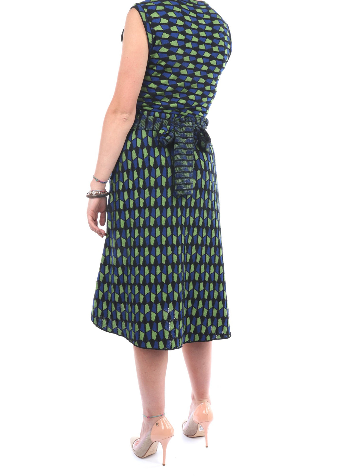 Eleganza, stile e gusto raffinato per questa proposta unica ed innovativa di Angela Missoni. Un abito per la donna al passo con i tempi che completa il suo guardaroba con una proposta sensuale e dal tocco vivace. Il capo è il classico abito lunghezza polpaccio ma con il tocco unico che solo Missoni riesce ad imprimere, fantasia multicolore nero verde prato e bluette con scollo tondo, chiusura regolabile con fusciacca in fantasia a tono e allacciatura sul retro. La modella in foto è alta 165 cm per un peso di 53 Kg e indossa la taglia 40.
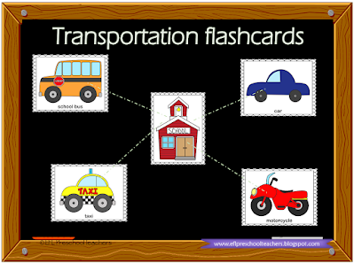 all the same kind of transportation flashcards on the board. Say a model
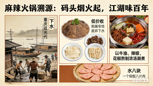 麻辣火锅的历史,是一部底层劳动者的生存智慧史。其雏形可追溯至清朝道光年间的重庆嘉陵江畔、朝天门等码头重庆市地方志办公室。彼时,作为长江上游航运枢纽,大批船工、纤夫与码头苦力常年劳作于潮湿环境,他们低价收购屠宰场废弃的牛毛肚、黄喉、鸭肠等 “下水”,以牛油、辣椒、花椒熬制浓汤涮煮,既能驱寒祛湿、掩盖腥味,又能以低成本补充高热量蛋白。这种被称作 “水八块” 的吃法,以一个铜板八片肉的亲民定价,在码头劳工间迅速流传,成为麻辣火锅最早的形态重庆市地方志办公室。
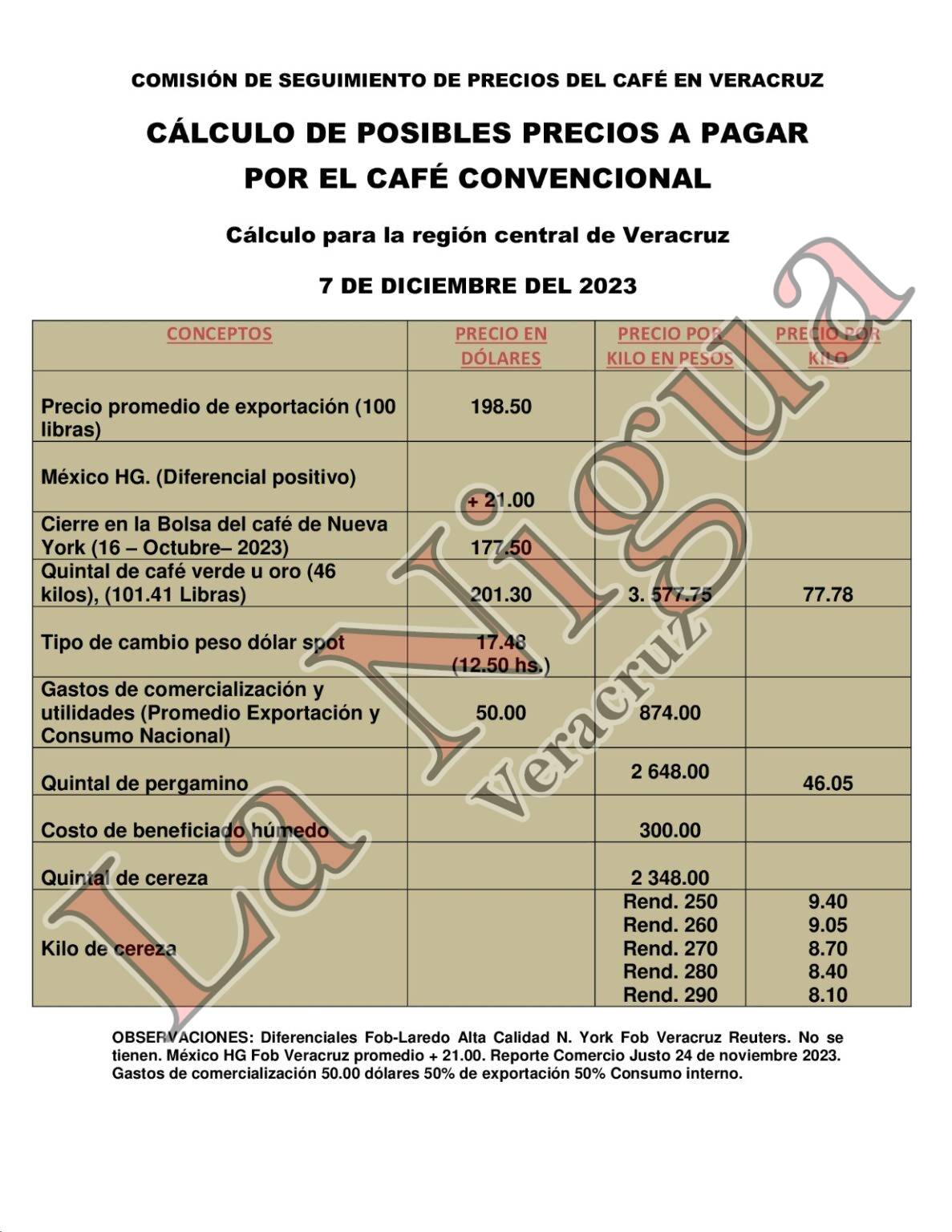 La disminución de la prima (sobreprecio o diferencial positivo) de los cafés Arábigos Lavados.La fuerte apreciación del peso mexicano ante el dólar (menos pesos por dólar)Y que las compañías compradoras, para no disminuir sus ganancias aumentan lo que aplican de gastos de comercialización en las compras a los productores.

Assignment - Write out the listing above exactly as it stands, pictures excluded.

Solved exercise -
 Eleganza, stile e gusto raffinato per questa proposta unica ed innovativa di Angela Missoni. Un abito per la donna al passo con i tempi che completa il suo guardaroba con una proposta sensuale e dal tocco vivace. Il capo è il classico abito lunghezza polpaccio ma con il tocco unico che solo Missoni riesce ad imprimere, fantasia multicolore nero verde prato e bluette con scollo tondo, chiusura regolabile con fusciacca in fantasia a tono e allacciatura sul retro. La modella in foto è alta 165 cm per un peso di 53 Kg e indossa la taglia 40.
 all the same kind of transportation flashcards on the board. Say a model
 麻辣火锅的历史,是一部底层劳动者的生存智慧史。其雏形可追溯至清朝道光年间的重庆嘉陵江畔、朝天门等码头重庆市地方志办公室。彼时,作为长江上游航运枢纽,大批船工、纤夫与码头苦力常年劳作于潮湿环境,他们低价收购屠宰场废弃的牛毛肚、黄喉、鸭肠等 “下水”,以牛油、辣椒、花椒熬制浓汤涮煮,既能驱寒祛湿、掩盖腥味,又能以低成本补充高热量蛋白。这种被称作 “水八块” 的吃法,以一个铜板八片肉的亲民定价,在码头劳工间迅速流传,成为麻辣火锅最早的形态重庆市地方志办公室。
 La disminución de la prima (sobreprecio o diferencial positivo) de los cafés Arábigos Lavados.La fuerte apreciación del peso mexicano ante el dólar (menos pesos por dólar)Y que las compañías compradoras, para no disminuir sus ganancias aumentan lo que aplican de gastos de comercialización en las compras a los productores.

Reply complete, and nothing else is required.